You are viewing a plain text version of this content. The canonical link for it is here.
Posted to issues@kudu.apache.org by "Alexey Serbin (JIRA)" <ji...@apache.org> on 2017/07/07 17:58:00 UTC
[jira] [Commented] (KUDU-694) Re-visit C++ client scan retry logic

    [ https://issues.apache.org/jira/browse/KUDU-694?page=com.atlassian.jira.plugin.system.issuetabpanels:comment-tabpanel&focusedCommentId=16078446#comment-16078446 ] 

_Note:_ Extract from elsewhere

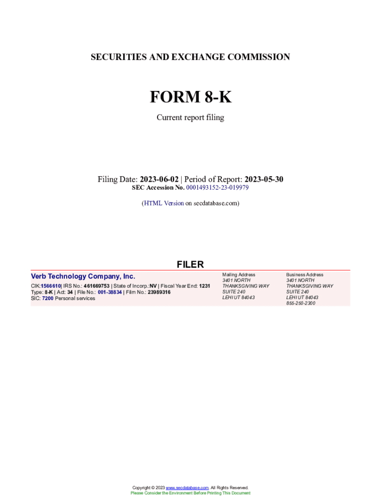 Get the free Verb Technology Company, Inc. Form 8-K Current Event Report Filed 2023-06-02. Access...

Alexey Serbin commented on KUDU-694:
------------------------------------

An update to summarize current state of affairs (as far as I could see):
* The first item still holds Marking the server failed is specific for the tablet, so if querying some other tablet on the same server will not be affected by the mark done for prior one.  But it still affects the scans with the LEADER_ONLY selector.
* Not failing-over to another leader during the call is addressed: if there was an error from the server hosting the leader tablet (or any other tablet), the {{LookupRpc::SendRpc()}} will not use the 'fast path' and do server resolution again calling {{MasterServerProxy::GetTableLocationsAsync()}}
* The non-retried {{GetTabletServer()}} is retried from the upper level (i.e. in KuduScanner::Data::OpenTablet()), but a failure of DNS resolution in the path of {{KuduClient::Data::GetTabletServer()}} will result in a non-retriable error returned to the top-level from {{KuduScanner::Data::OpenTablet()}}.  Also, I suspect there other places like that -- an additional revision is needed.  Besides, we need to understand whether it makes sense to retry in such cases.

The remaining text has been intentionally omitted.